Find duplicate files

fdupes can do this. From man fdupes:

Searches the given path for duplicate files. Such files are found by comparing file sizes and MD5 signatures, followed by a byte-by-byte comparison.

In Debian or Ubuntu, you can install it with apt-get install fdupes. In Fedora/Red Hat/CentOS, you can install it with yum install fdupes. On Arch Linux you can use pacman -S fdupes, and on Gentoo, emerge fdupes.

To run a check descending from your filesystem root, which will likely take a significant amount of time and memory, use something like fdupes -r /.

As asked in the comments, you can get the largest duplicates by doing the following:

fdupes -r . | {
    while IFS= read -r file; do
        [[ $file ]] && du "$file"
    done
} | sort -n

This will break if your filenames contain newlines.


Another good tool is fslint:

fslint is a toolset to find various problems with filesystems, including duplicate files and problematic filenames etc.

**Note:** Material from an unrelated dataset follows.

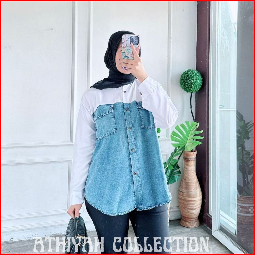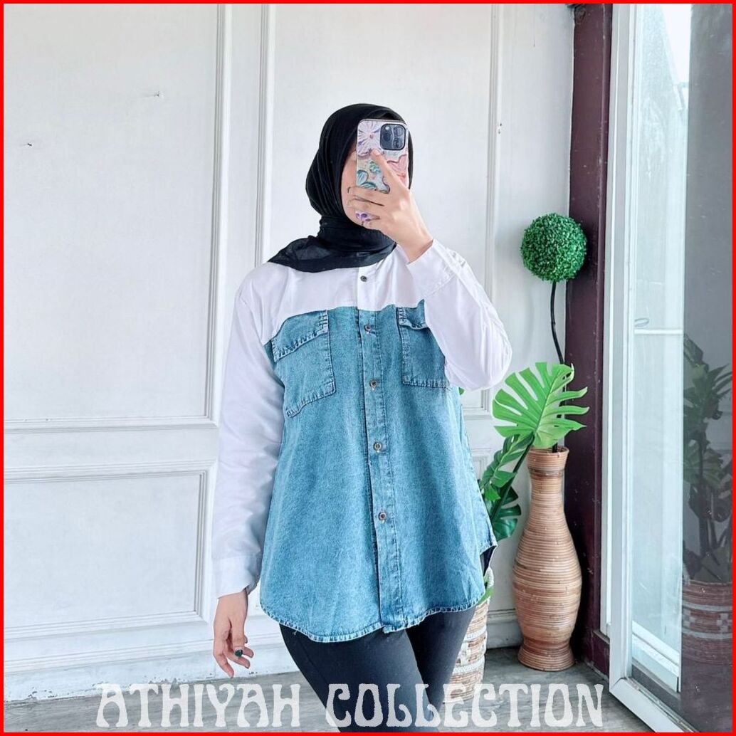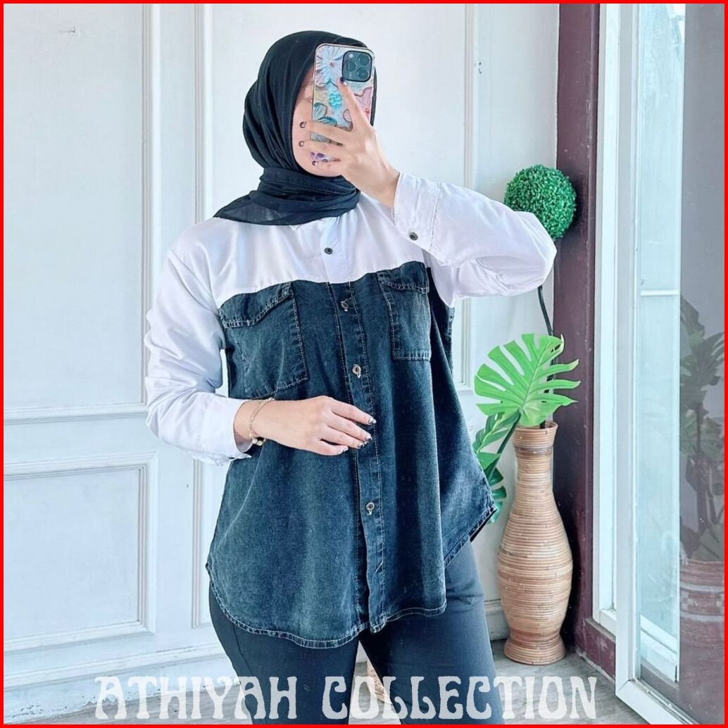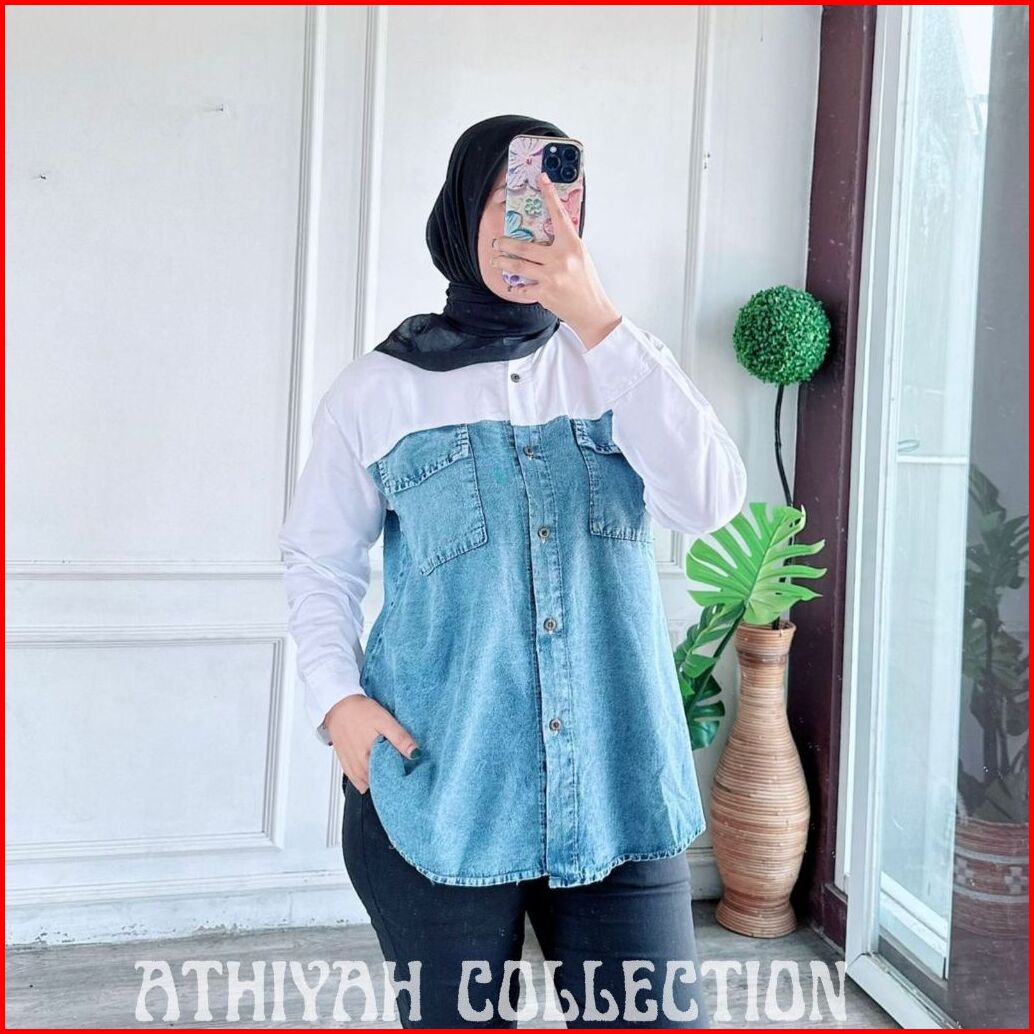 Athiyah - Kemeja Wanita Jeans Kombinasi Katun Ld 100-110cm Atasan Jeans Kombinasi Katun

Individual command line tools are available in addition to the GUI and to access them, one can change to, or add to $PATH the /usr/share/fslint/fslint directory on a standard install. Each of these commands in that directory have a --help option which further details its parameters.

   findup - find DUPlicate files

On debian-based systems, youcan install it with:

sudo apt-get install fslint

You can also do this manually if you don't want to or cannot install third party tools. The way most such programs work is by calculating file checksums. Files with the same md5sum almost certainly contain exactly the same data. So, you could do something like this:

find / -type f -exec md5sum {} \; > md5sums
awk '{print $1}' md5sums | sort | uniq -d > dupes
while read -r d; do echo "---"; grep -- "$d" md5sums | cut -d ' ' -f 2-; done < dupes 

Sample output (the file names in this example are the same, but it will also work when they are different):

$ while read -r d; do echo "---"; grep -- "$d" md5sums | cut -d ' ' -f 2-; done < dupes 
---
 /usr/src/linux-headers-3.2.0-3-common/include/linux/if_bonding.h
 /usr/src/linux-headers-3.2.0-4-common/include/linux/if_bonding.h
---
 /usr/src/linux-headers-3.2.0-3-common/include/linux/route.h
 /usr/src/linux-headers-3.2.0-4-common/include/linux/route.h
---
 /usr/src/linux-headers-3.2.0-3-common/include/drm/Kbuild
 /usr/src/linux-headers-3.2.0-4-common/include/drm/Kbuild
---

This will be much slower than the dedicated tools already mentioned, but it will work.


Short answer: yes.

Longer version: have a look at the wikipedia fdupes entry, it sports quite nice list of ready made solutions. Of course you can write your own, it's not that difficult - hashing programs like diff, sha*sum, find, sort and uniq should do the job. You can even put it on one line, and it will still be understandable.